** SUPPLIED DATA follows **

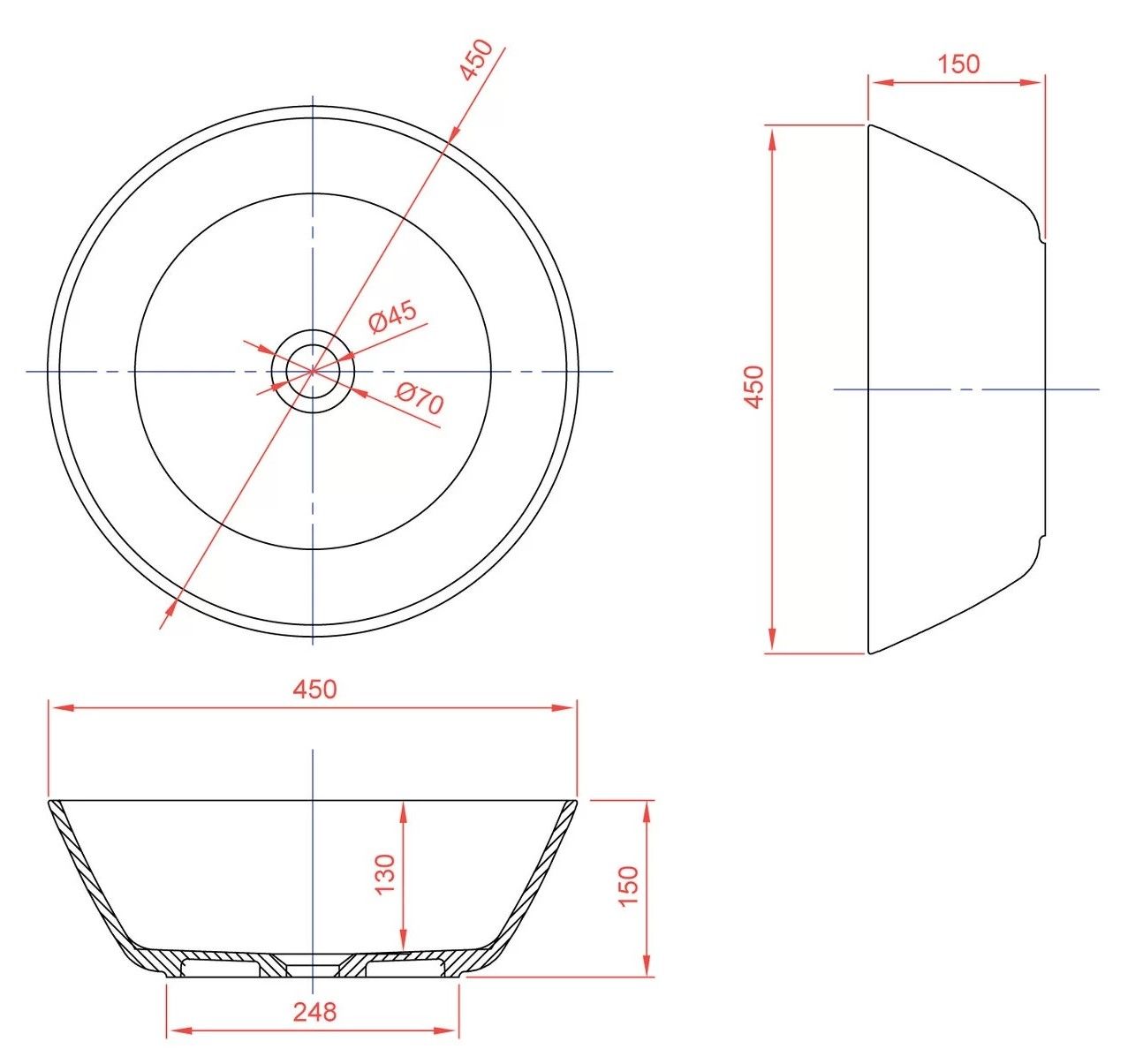 Раковина из искусственного камня для ванной комнаты круглой формы.Довольно крупная и удобная в использовании, с чашей глубиной внушительные 210 мм. Тонкий бортик придает модели Piemont 450 элегантности и легкости. Небольшой подиум отделяет чашу от поверхности, на которую установлена раковина, тем самым возвышая и подчеркивая контуры самой чаши. Piemont 450 имеет матовую, бархатистую поверхность. Полимерный материал принимает температуру окружающей среды, поэтому в жилом пространстве данная модель раковины всегда будет приятной на ощупь.Данная модель устанавливается на поверхность столешницы или мебели накладным способом сверху. Чаша обладает большей глубиной, чем многие накладные раковины бренда Montebianco.Уход за раковиной из искусственного камня прост: в большинстве случаев достаточно протереть поверхность влажной губкой с чистящим средством. Материал не впитывает влагу, не порист, непроницаем для плесени, бактерий и грибков.
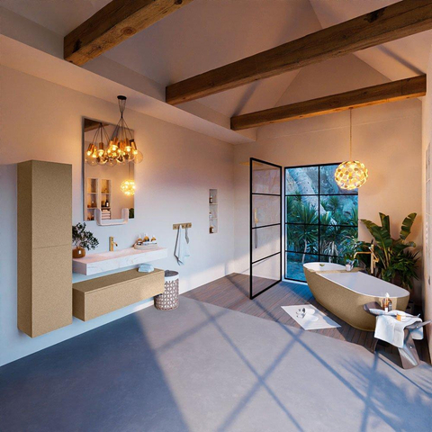 Met zijn strakke lijnen en moderne uitstraling is de MONDIAZ ALAN - DLUX badkamermeubelset een stijlvolle toevoeging aan elke badkamer. De Oro afwerking geeft een warme en luxe uitstraling, terwijl de wasbak in het midden zorgt voor een symmetrisch en evenwichtig design. Dit meubelstuk combineert functionaliteit met esthetiek op een unieke en stijlvolle manier.
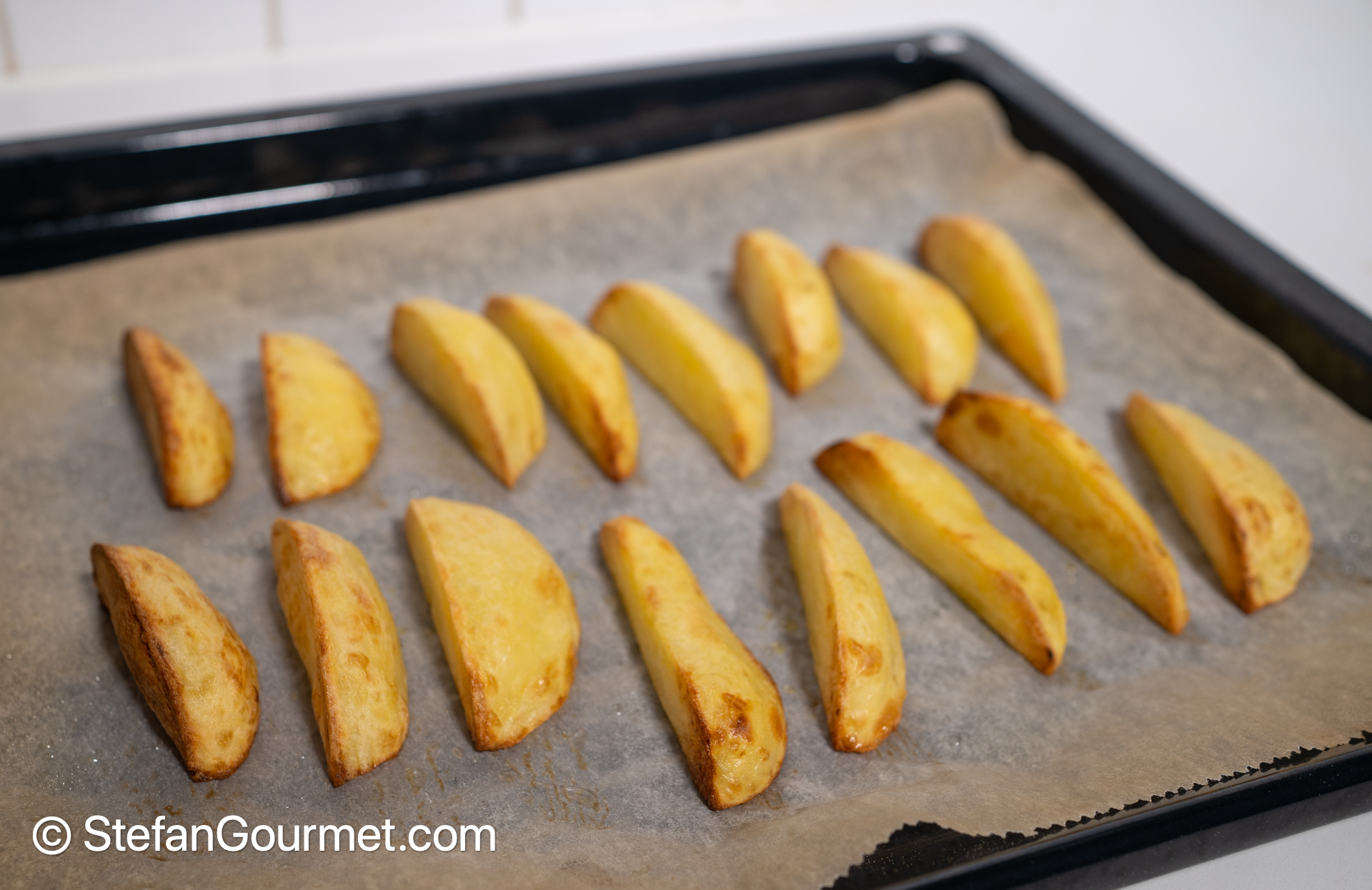 Continue baking the potatoes until they are golden brown and cooked through, about another 15 minutes.
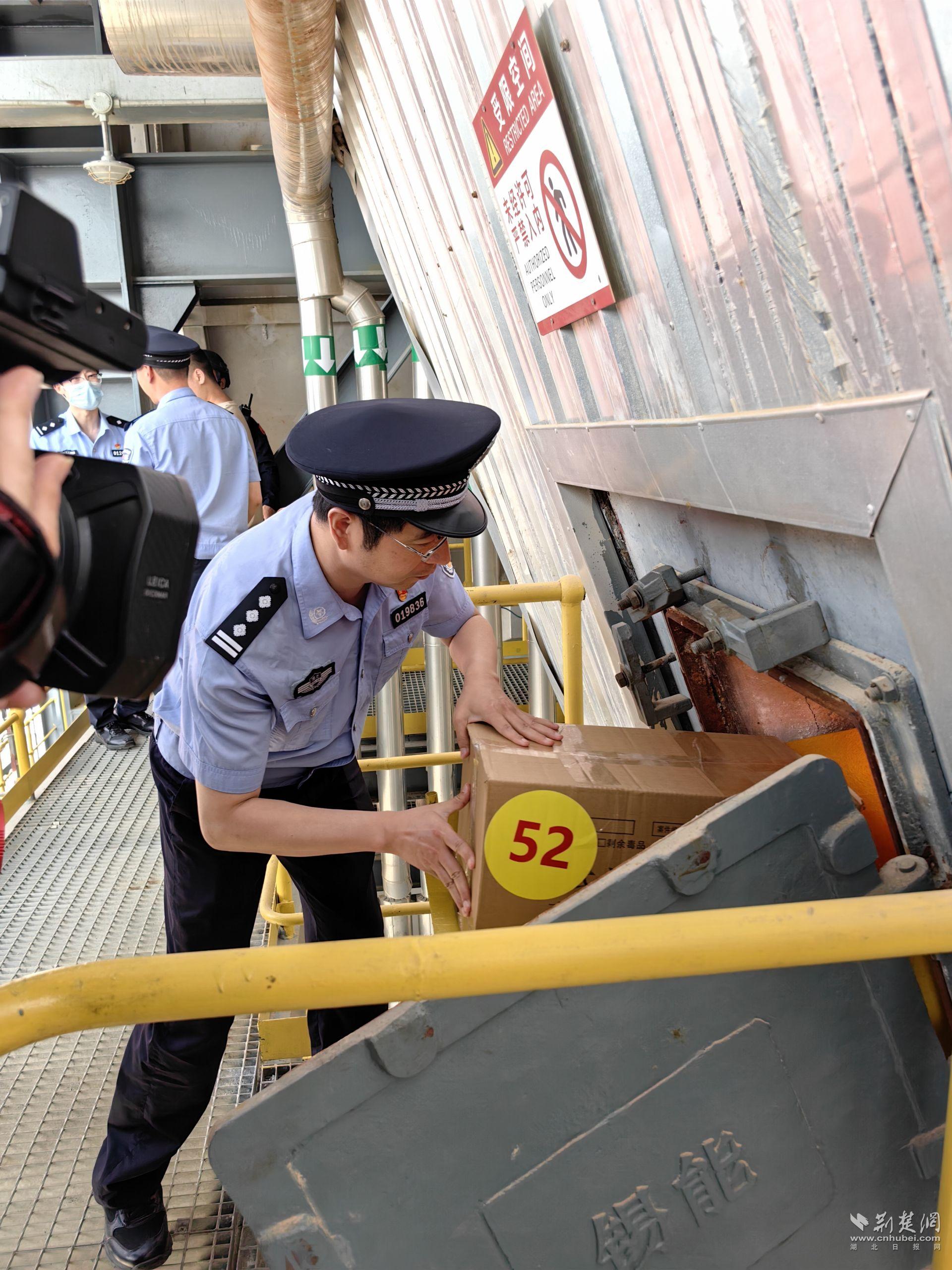 上午9時許,記者在蔡甸區某危化物品處理廠內看到,印有“毒品”字樣的紙箱整齊擺放在熱解爐前,里面裝滿了此次集中銷毀的毒品,數名全副武裝的特警在現場警戒。
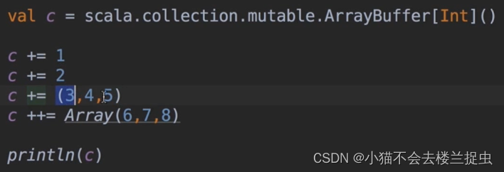 object StringApi extends App {val name = "itcats_cn"val job = "student"val age = 999.999d//普通输出 加了, 会自动产生一个()println("name=" + name, "job=" + job) //输出结果 (name=itcats_cn,job=student)// 文字'f'插值器允许创建一个格式化的字符串,类似于 C 语言中的 printf。// 在使用'f'插值器时,所有变量引用都应该是 printf 样式格式说明符,如%d,%i,%f 等。println(f"姓名: $name%s 年龄: $age%1.2f 职业: $job") // 该行输出有换行printf("姓名: %s 年龄: %1.2f 职业: %s", name, age, job) // 该行输出没有换行// 's'允许在处理字符串时直接使用变量。// 在println语句中将String变量($name)附加到普通字符串中。println()println(s"姓名: ${name} 年龄: $age 职业: $job") //可以{}也可以不{}// 字符串插入器还可以处理任意表达式。// 使用's'字符串插入器处理具有任意表达式(${1 + 1})的字符串(1 + 1)的以下代码片段。 任何表达式都可以嵌入到${}中。println(s"1 + 1 = ${1 + 1}") // 1 + 1 = 2//多行字符串演示(连续输入三个"后按回车)val c ="""|Hello|World""".stripMarginprintln(c)

** End of SUPPLIED DATA **

> YOUR OBJECTIVE: Word for word, print all of the data; skip the pictures.

> SOLUTION:
 Раковина из искусственного камня для ванной комнаты круглой формы.Довольно крупная и удобная в использовании, с чашей глубиной внушительные 210 мм. Тонкий бортик придает модели Piemont 450 элегантности и легкости. Небольшой подиум отделяет чашу от поверхности, на которую установлена раковина, тем самым возвышая и подчеркивая контуры самой чаши. Piemont 450 имеет матовую, бархатистую поверхность. Полимерный материал принимает температуру окружающей среды, поэтому в жилом пространстве данная модель раковины всегда будет приятной на ощупь.Данная модель устанавливается на поверхность столешницы или мебели накладным способом сверху. Чаша обладает большей глубиной, чем многие накладные раковины бренда Montebianco.Уход за раковиной из искусственного камня прост: в большинстве случаев достаточно протереть поверхность влажной губкой с чистящим средством. Материал не впитывает влагу, не порист, непроницаем для плесени, бактерий и грибков.
 Met zijn strakke lijnen en moderne uitstraling is de MONDIAZ ALAN - DLUX badkamermeubelset een stijlvolle toevoeging aan elke badkamer. De Oro afwerking geeft een warme en luxe uitstraling, terwijl de wasbak in het midden zorgt voor een symmetrisch en evenwichtig design. Dit meubelstuk combineert functionaliteit met esthetiek op een unieke en stijlvolle manier.
 Continue baking the potatoes until they are golden brown and cooked through, about another 15 minutes.
 上午9時許,記者在蔡甸區某危化物品處理廠內看到,印有“毒品”字樣的紙箱整齊擺放在熱解爐前,里面裝滿了此次集中銷毀的毒品,數名全副武裝的特警在現場警戒。
 object StringApi extends App {val name = "itcats_cn"val job = "student"val age = 999.999d//普通输出 加了, 会自动产生一个()println("name=" + name, "job=" + job) //输出结果 (name=itcats_cn,job=student)// 文字'f'插值器允许创建一个格式化的字符串,类似于 C 语言中的 printf。// 在使用'f'插值器时,所有变量引用都应该是 printf 样式格式说明符,如%d,%i,%f 等。println(f"姓名: $name%s 年龄: $age%1.2f 职业: $job") // 该行输出有换行printf("姓名: %s 年龄: %1.2f 职业: %s", name, age, job) // 该行输出没有换行// 's'允许在处理字符串时直接使用变量。// 在println语句中将String变量($name)附加到普通字符串中。println()println(s"姓名: ${name} 年龄: $age 职业: $job") //可以{}也可以不{}// 字符串插入器还可以处理任意表达式。// 使用's'字符串插入器处理具有任意表达式(${1 + 1})的字符串(1 + 1)的以下代码片段。 任何表达式都可以嵌入到${}中。println(s"1 + 1 = ${1 + 1}") // 1 + 1 = 2//多行字符串演示(连续输入三个"后按回车)val c ="""|Hello|World""".stripMarginprintln(c)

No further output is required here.